JAKARTA,Denting.id – Sintya Marisca mendapat tantangan baru lewat perannya sebagai Detektif Vita dalam serial My Chef in Crime. Untuk menghidupkan karakter tersebut, Sintya menjalani sejumlah persiapan, mulai dari mengikuti workshop hingga mengamati keseharian anggota kepolisian.
Sintya mengaku sebelumnya tidak banyak memahami dunia kepolisian, termasuk soal penggunaan senjata dan etika seorang aparat. Workshop yang dijalaninya menjadi salah satu bekal untuk memahami karakter yang akan diperankan.
“Aku sendiri sebenarnya nggak terlalu banyak knowledge tentang di dunia kepolisian, apalagi yang mengaitkan tentang pistol-pistolan. Alhamdulillah dibantu dengan workshop,” ujar Sintya saat ditemui di kawasan Semanggi, Jakarta, Rabu (5/8/2026).
Tak berhenti di workshop, Sintya juga melakukan riset dengan mengamati perilaku anggota kepolisian dalam keseharian. Ia memperhatikan cara berbicara, gestur, hingga pola komunikasi antara atasan dan bawahan.
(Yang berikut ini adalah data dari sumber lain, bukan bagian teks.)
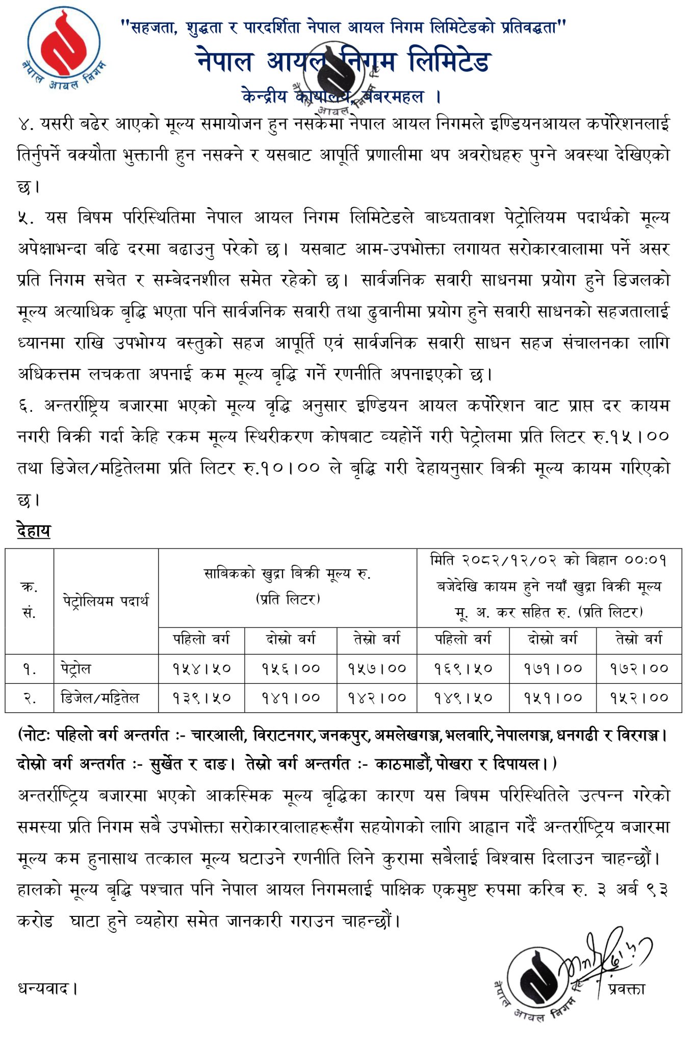 निगमका अनुसार नयाँ मूल्य आजै रातिदेखि लागू हुनेगरी समायोजन गरिएको छ । अन्तर्राष्ट्रिय बजारमा पेट्रोलमा प्रतिलिटर ३१ रुपियाँ, डिजेलमा प्रतिलिटर ५४ रुपियाँ तथा खाना पकाउने एलपि ग्यासमा २१६ रुपियाँ वृद्धि गरिएको छ। तर नेपालमा केही रुपियाँ स्थिरीकरण कोषबाट व्यहोरिने गरी पेट्रोलमा प्रतिलिटर १५ रुपियाँ र डिजेल, मट्टितेलमा प्रतिलिटर १० रुपियाँ बृद्धि गरिएको निगमले जनाएको छ ।

Menurut Sintya, ia lebih memilih mengamati kebiasaan polisi ketimbang bertanya secara langsung. Kebetulan, ia cukup sering bertemu anggota kepolisian saat bermain padel.
“Nggak sih, kalau diajarin memegang senjata nggak. Kalau aku nggak sih, lebih ke kebiasaan mereka ya. Maksudnya ketika ada bawahan mereka ngomong ke atasan seperti apa, gerak-geriknya mereka selama kehidupan sehari-harinya seperti apa,” tuturnya.
Belajar dari Serial Detektif
Untuk memperkaya referensi, Sintya juga menonton sejumlah serial luar negeri yang mengangkat kisah detektif. Namun, ia tetap berusaha menyesuaikan karakter Vita dengan budaya dan etika kepolisian di Indonesia.
Menurutnya, proses tersebut menjadi tantangan tersendiri karena karakter Vita memiliki pembawaan yang berbeda dari dirinya dalam kehidupan sehari-hari.
“Nah itu betul, itu jadi menurut aku jadi salah satu tantangan karena aku selalu punya rasa insecure sama suara aku sendiri. Dan cara jalanku. Di mana kan dari Servita ini jadi seorang polisi harus punya attitude yang berbeda sama Sintya Marisca,” katanya.
Sintya mengatakan dirinya yang biasa tampil lebih santai harus beradaptasi ketika memerankan seorang polisi. Ia ingin setiap gestur dan pembawaan karakter Vita terasa lebih tegas dan meyakinkan.
“Sintya Marisca mungkin lebih santai, lebih slow, tapi ketika jadi polisi kita harus adaptasi sama apa yang sudah diterapkan,” ujarnya.
Ingin Tampilkan Sosok Polisi Berwibawa
Salah satu hal yang paling diperhatikan Sintya adalah cara berjalan. Ia ingin karakter Vita memiliki wibawa dan menunjukkan sikap seorang polisi yang tegas serta disiplin.
“Proses menjadi polisi itu proses yang panjang, itu yang aku pelajarin juga sih dan mau aku terapin di Servita ini. Biasanya kan aku kayak ya udah emang begini, tapi ini enggak, gue harus berwibawa tersendiri,” ucapnya.
Menurut Sintya, karakter Detektif Vita menjadi pengalaman berbeda dibanding peran-peran yang pernah dimainkannya sebelumnya.
“Sangat beda sih dari Sintya Marisca yang biasa,” pungkasnya.